So., 07.04.2019

100 Jahre LWL-Klinikum in Gütersloh: Ausstellung erzählt die Geschichte »Ein Jahrhundertprojekt«

Riesige Fototafeln erzählen die 100-jährige Geschichte des LWL-Klinikums in Gütersloh. Stadtmuseumsleiter Dr. Franz Jungbluth präsentiert hier eine alte Zwangsjacke aus den 20er-Jahren. Andere Exponate stehen hinter Vitrinen.

Riesige Fototafeln erzählen die 100-jährige Geschichte des LWL-Klinikums in Gütersloh. Stadtmuseumsleiter Dr. Franz Jungbluth präsentiert hier eine alte Zwangsjacke aus den 20er-Jahren. Andere Exponate stehen hinter Vitrinen.

Von Wolfgang Wotke

Gütersloh (WB). Das LWL-Klinikum wird 100 Jahre alt. Zum Auftakt der Feierlichkeiten, die über das ganze Jahr verteilt sind, hat LWL-Direktor Matthias Löb am Freitag eine Ausstellung zur Klinikgeschichte eröffnet.

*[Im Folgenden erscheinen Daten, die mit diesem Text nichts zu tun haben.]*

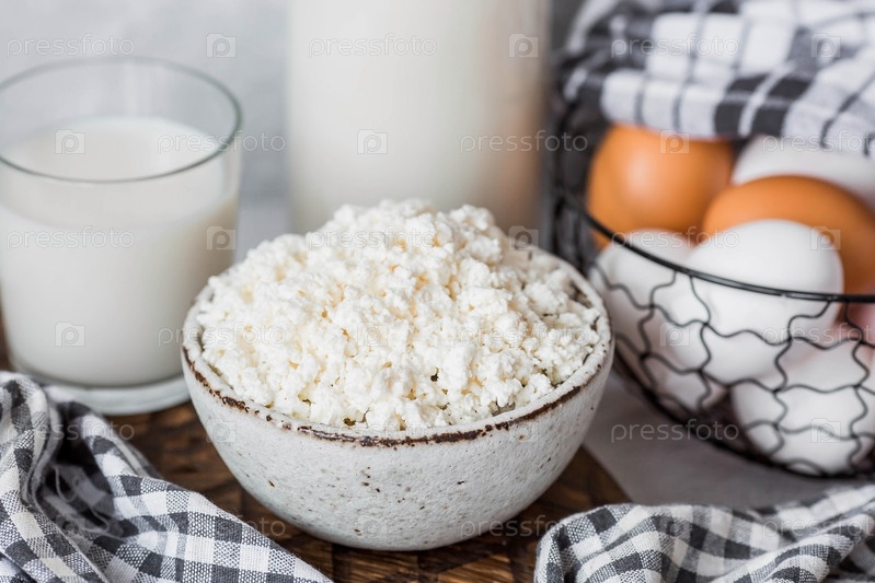 Свежие молочные продукты, молоко, творог, яйца в стильной керамической посуде на сером фоне. Концепция естественного, диетического питания. Полезные продукты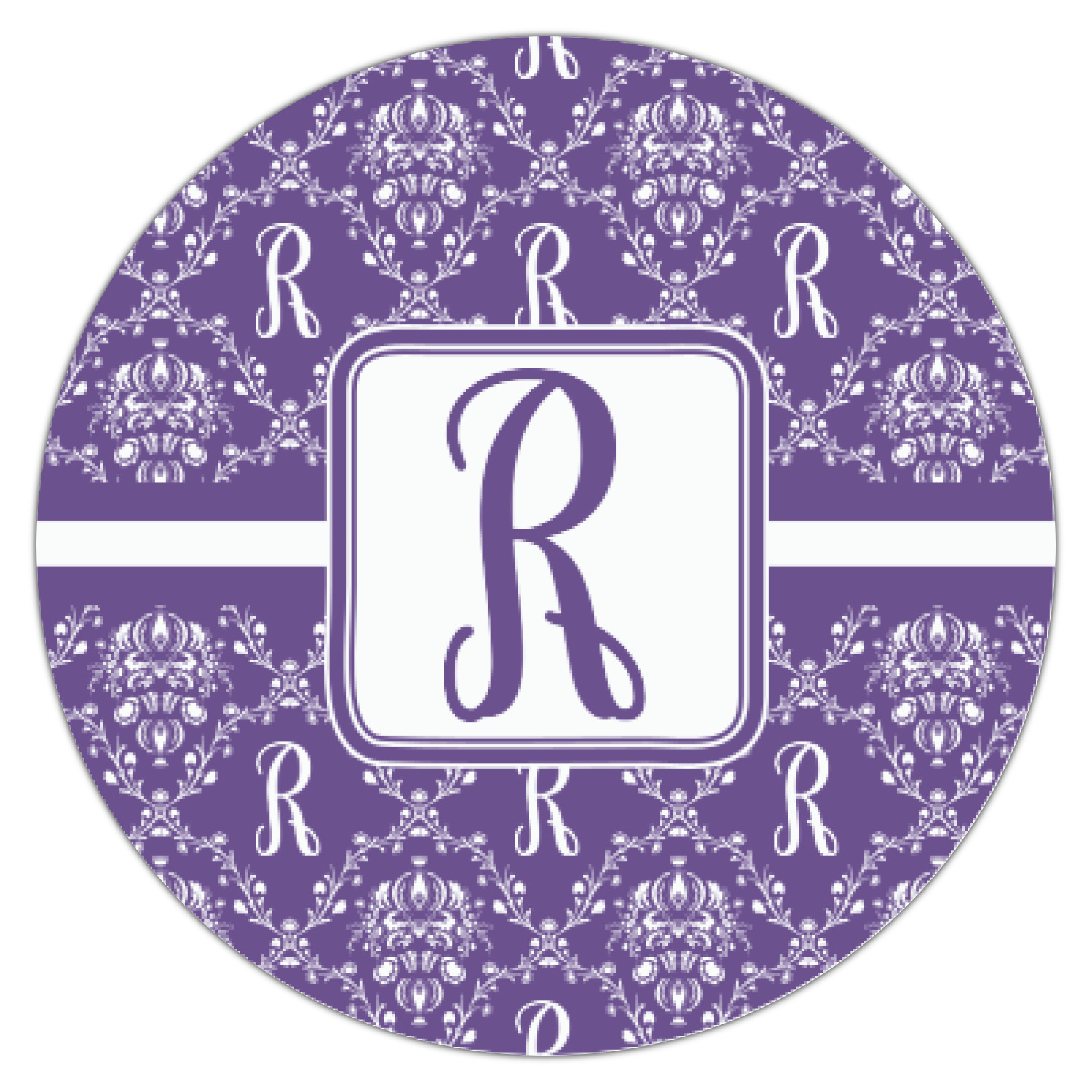 A touch of elegance at its best. The white Damask pattern pops against the backdrop of this rich purple. Personalized with your initial adds that touch of pride to the design. A wide band of purple and white break up the design to make it pleasing to the eye.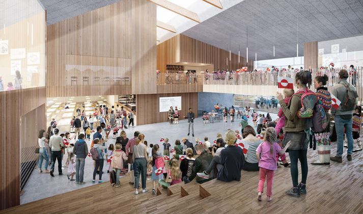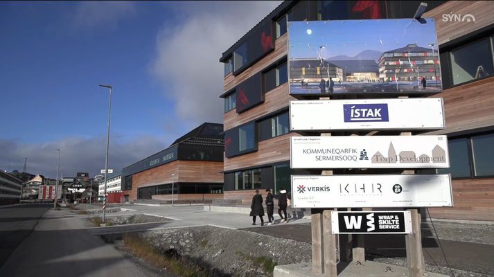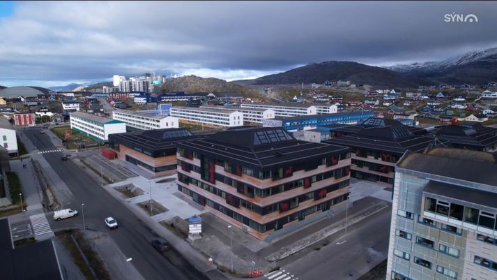 Sjá mátti skólann í kvöldfréttum Sýnar en hann er í miðbæ Nuuk. Hann er samtals um átján þúsund fermetrar að stærð, í sjö samtengdum byggingum, og er honum ætlað að verða krúnudjásnið í grænlenska skólakerfinu.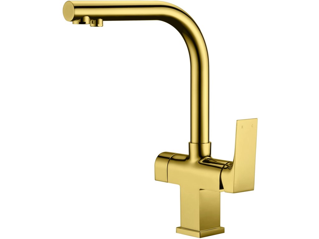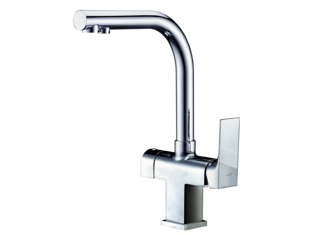Vodovodna trostruka baterija za filtriranu i vodovodnu (toplu i hladnu) vodu. Sustav filtrirane vode nalazi se u jednom izlazu, gdje je odvojen od tople i hladne vode sa svojim vlastitim izlazom vode. U bateriji su ugrađena dva keramička kartuša i perlator koji osigurava uštedu vode. U paketu su također komponente za priključak.
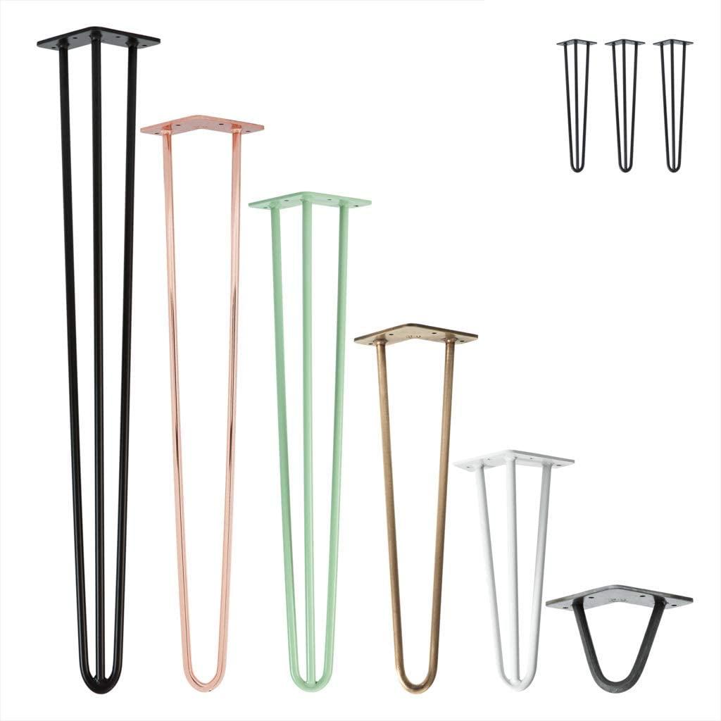 Die Hairpin Leg Tischbeine von 3X Natural Goods Berlin sind die ideale Wahl für Ihre individuellen Möbelprojekte. Mit einer Höhe von 71 cm und einer stabilen Konstruktion aus 12 mm Rundstahl bieten sie sowohl Funktionalität als auch Stil. Die Beine sind pulverbeschichtet, galvanisiert oder geölt und in verschiedenen Farben erhältlich. Die Montage ist einfach und schnell, sodass Sie im Handumdrehen Ihre neuen Möbel genießen können. **Highlights** - Vielseitig einsetzbar: Perfekt für Esstische, Schreibtische, Couchtische, Barhocker, Sitzbänke und mehr. - Einfache Montage: Schnelle und unkomplizierte Befestigung. - Stabile Konstruktion: Gefertigt aus 12 mm Rundstahl mit doppelseitigen Schweißnähten und stärkerer Grundplatte. - Individuelle Gestaltung: Breite Farbauswahl und verschiedene Größen und Ausführungen erhältlich. - Hochwertige Verarbeitung: Leichte Neigung der Beine für besondere Stabilität. **Produkteigenschaften** - Material: 12 mm Rundstahl - Grundplatte: Stärker als herkömmliche Hairpins (4 mm) - Höhe: 71 cm - Streben: 2 **Lieferumfang** - 3 Tischbeine/Möbelbeine in der gewählten Größe, Farbe und Ausführung - Inklusive Schrauben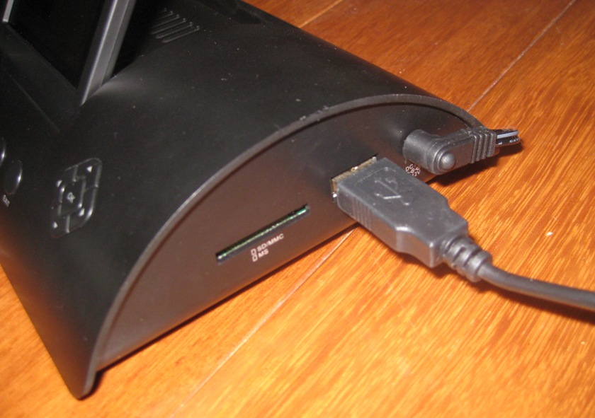 For your money you get a mains-powered desk lamp – that uses 18 LEDs rather than traditional bulbs – with a 3.5-inch 320 x 240 LCD display sticking up out of the base. 512MB of onboard storage can be augmented either via the SD/MMC/MS card slot; a USB port allows you to hook the lamp up to your computer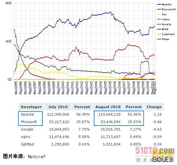 据Netcraft2010年8月11日的数据统计表明,全球目前已有119,664,128个网站使用Apache;目前Apache市场占有率为54.90%,IIS为25.87%。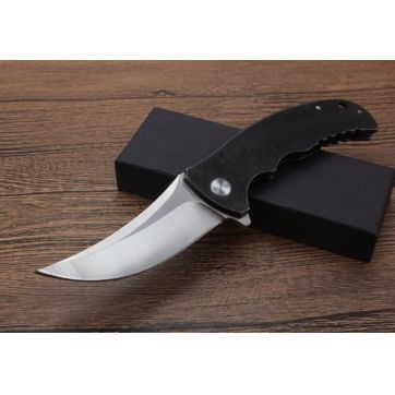 月牙快开折刀 全长:20.2cm 刃长:9.1cm 柄长:11.6cm 刃厚:0.33cm 刃宽:3.0cm 刃材:D2钢 柄材:全钢 硬度:58HRC 净重:330克(含包装) 锁定:线锁配礼品盒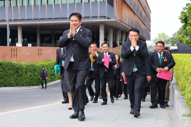 วัรที่ 6 มี.ค. ที่รัฐสภา ร.อ.ธรรมนัส พรหมเผ่า ประธานที่ปรึกษาพรรคกล้าธรรม พร้อมด้วยนางนฤมล ภิญโญสินวัฒน์ หัวหน้าพรรคกล้าธรรม นำคณะ สส.ทั้งแบบแบ่งเขตและบัญชีรายชื่อ จำนวน 54 คน เข้ารายงานตัวต่อสภาผู้แทนราษฎร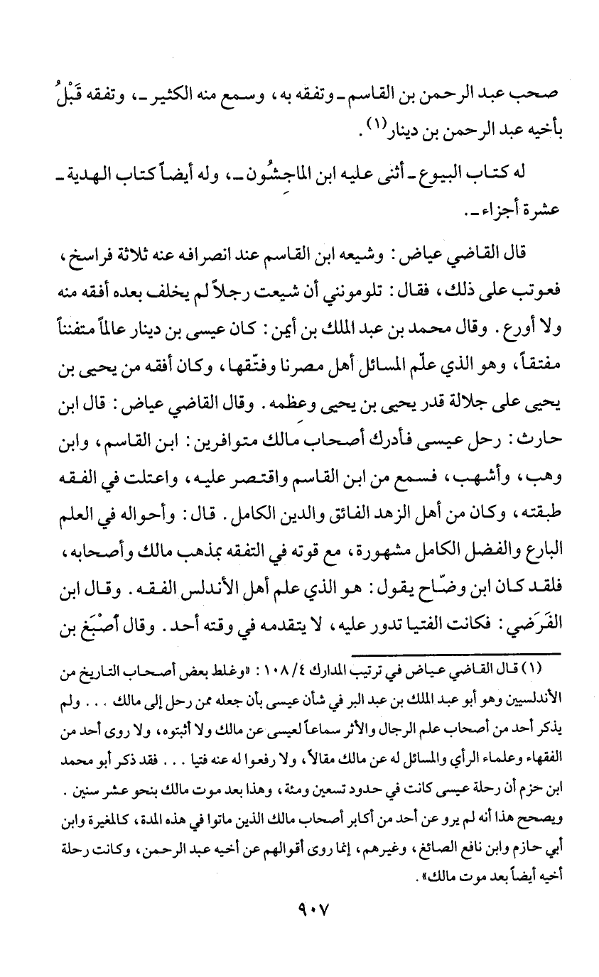 (¬1) قال القاضي عياض في ترتيب المدارك 4/ 108: «وغلط بعض أصحاب التاريخ من الأندلسيين وهو أبو عبد الملك بن عبد البر في شأن عيسى بأن جعله ممن رحل إلى مالك. . . ولم يذكر أحد من أصحاب علم الرجال والأثر سماعا لعيسى عن مالك ولا أثبتوه، ولا روى أحد من الفقهاء وعلماء الرأي والمسائل له عن مالك مقالا، ولا رفعوا له عنه فتيا. . . فقد ذكر أبو محمد ابن حزم أن رحلة عيسى كانت في حدود تسعين ومئة، وهذا بعد موت مالك بنحو عشر سنين. ويصحح هذا أنه لم يرو عن أحد من أكابر أصحاب مالك الذين ماتوا في هذه المدة، كالمغيرة وابن أبي حازم وابن نافع الصائغ، وغيرهم، إنما روى أقوالهم عن أخيه عبد الرحمن، وكانت رحلة أخيه أيضا بعد موت مالك».

»Von der Provinzialheilanstalt zum LWL-Klinikum – ein Jahrhundertprojekt«, so heißt die Ausstellung. »Der Titel ist auch Programm«, sagte Löb, »denn es folgen in den nächsten Wochen und Monaten Vorträge, Kongresse, Feste und ein Tag der offenen Tür.« Man beschäftige sich intensiv mit der Auseinandersetzung um die Klinikgeschichte, denn sie sei auch ein wichtiger Bestandteil der Gütersloher Stadtgeschichte. Das alles sei in enger Zusammenarbeit mit dem Stadtmuseum geschehen.

»Einige Exponate aus vergangenen Zeiten, wie zum Beispiel Anstaltsgeld aus den 50-er Jahren, haben wir zusammengetragen, um sie nach langer Zeit wieder der Öffentlichkeit zugänglich zu machen«, berichtete Museumsleiter Dr. Franz Jungbluth. Dafür seien zwei Projektgruppen gebildet worden. Ein Teil der Geschichte befasse sich auch mit den Licht- und Schattenseiten. »Wir stellen die Frage, wie sich Gesellschaft und Psychiatrie wechselseitig beeinflusst haben und was das alles für heute und für die Zukunft des Psychiatrie bedeutet.«

Psychiatrie in Deutschland maßgeblich beeinflusst

Seit den 60er-Jahren gab es Änderungen und Verbesserungen bei den psychotherapeutischen Behandlungsansätzen sowie in der gemeindepsychiatrischen Versorgung. »Wir sind stolz darauf, dass von der Gütersloher Klinik immer wieder entscheidende Impulse zur Weiterentwicklung psychiatrischer Behandlungsangebote und Versorgungsstrukturen ausgegangen sind, die die Psychiatrie in Deutschland maßgeblich beeinflusst haben«, erklärte Prof. Dr. Meinolf Noeker, LWL-Krankenhausdezernent. Die Auseinandersetzung mit der historischen Entwicklung bilde eine wichtige Grundlage für aktuelle Diskussionen und Entwicklungen. Die Ausstellung ist öffentlich und im Sportzentrum Haus 10 montags bis sonntags von 10 bis 18 Uhr geöffnet.

Neben dem fachlichen Austausch gibt es auch die Gelegenheit, das Klinikum (850 Mitarbeiter, 440 Betten und 11.000 Patienten pro Jahr) aus einer anderen Perspektive kennenzulernen sowie Einblicke in den Klinikalltag zu erhalten. So findet am 21. September der »Tag der offenen Tür« statt.